Backed by a team of lawyers and congressmen, Sgt. Stein is fighting to stay in the military and test its longtime policy of limiting the free speech of members.
His lawyers and the American Civil Liberties Union contend his views are protected by the First Amendment.
Sgt. Stein has rallied support since he was notified last month that the military was moving to discharge him after determining he was in violation of the Pentagon policy barring service members from engaging in political activities.
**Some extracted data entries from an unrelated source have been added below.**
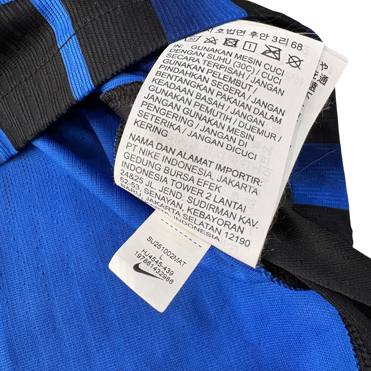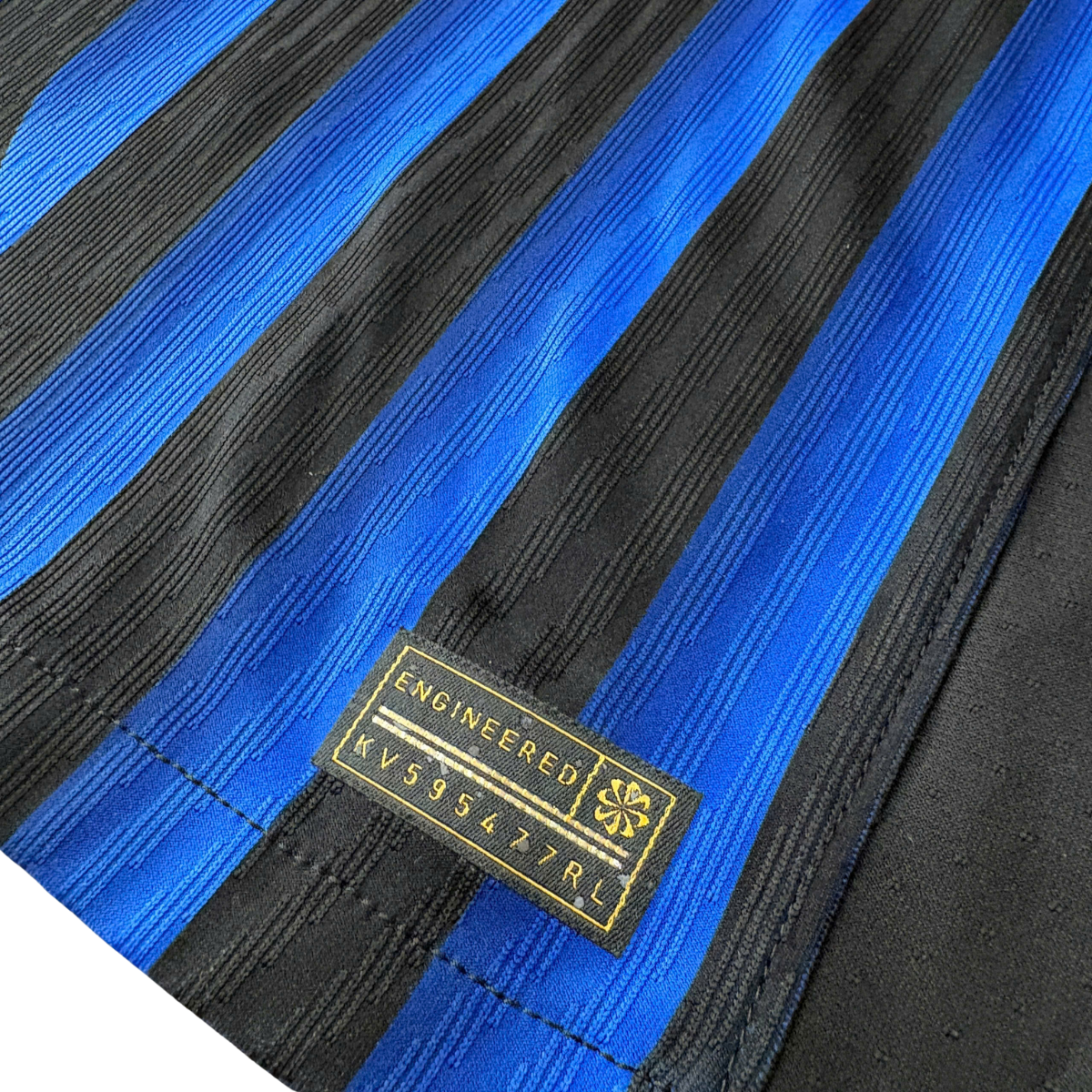 • Sọc và họa tiết ẩn chữ “INTER”: những vằn đen-xanh không chỉ là sọc, mà còn tạo hình chữ “INTER” một cách tinh tế – kiểu như fan nào nằm lòng thì sẽ thấy ngay.
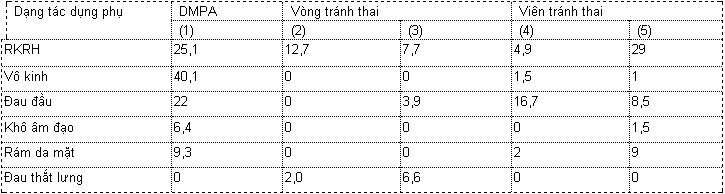 Thuốc tiêm tránh thai DMPA gây nhiều tác dụng phụ, chiếm tới 88,4% khách hàng, trong đó chủ yếu là vô kinh 40,1%; rối loạn kinh nguyệt 25,1%, (như vậy sự thay đổi về kinh nguyệt chiếm tới 65,2%); tiếp theo là tăng cân 19,5%; đau đầu và buồn nôn với tỷ lệ tương ứng là 22,0% và 13,3%. Hai dấu hiệu đặc trưng liên quan đến nội tiết là rám da mặt 9,3% và khô âm đạo 6,4%.
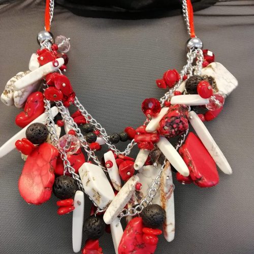 Girocollo multifili con pietre di varie dimensioni in howlite rossa, howlite bianca, coralli, pietra lavica, cristalli.
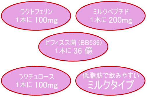 乳の神秘【ラクトフェリン】が、ビフィズス菌を増やす働きにより、おねかの中から家族の健康をサポートします。低脂肪でミルクタイプの新しい、シンバイオティクスです!
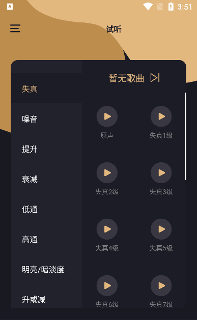 训练 - 涵盖失真、噪声、提升、衰减、升或减、低通、高通、明亮/暗淡度、饱满/单薄度、染色/自然度共10个训练维度,层层递进,全面提升听觉分辨力。
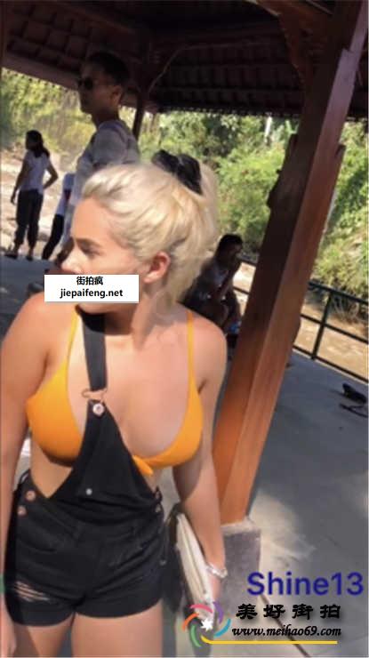 街拍黑色热裤大胸金发洋妞圆翘臀[MP4/190M]
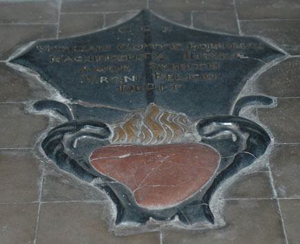 Lapide in rilievo con iscrizione, sotto cui sta il cuore di Vitaliano VI Borromeo

“The military may be different from the civilian world, but it’s not exempt from the First Amendment,” said David Loy, legal director for the ACLU of San Diego and Imperial counties. “Sgt. Stein didn’t say anything for which the Marine Corps has any right to punish him.”
In addition to being discharged, Sgt. Stein said, he would have his rank reduced to lance corporal if he is proven to be in violation.
He said he was removed from his job at the Marine Corps Recruiting Depot in San Diego on Wednesday and given a desk job with no access to computers.
Mr. Loy said Sgt. Stein did not threaten order or discipline or take positions that anyone would attribute to the Corps. Instead, the Corps is threatening loyalty and morale in its ranks by persecuting a Marine for exercising his free speech rights, Mr. Loy said.
Defense lawyers began the hearing Thursday by asking board members about their understanding of military policy limiting members from engaging in political activities and the guidelines on expressing their personal opinions.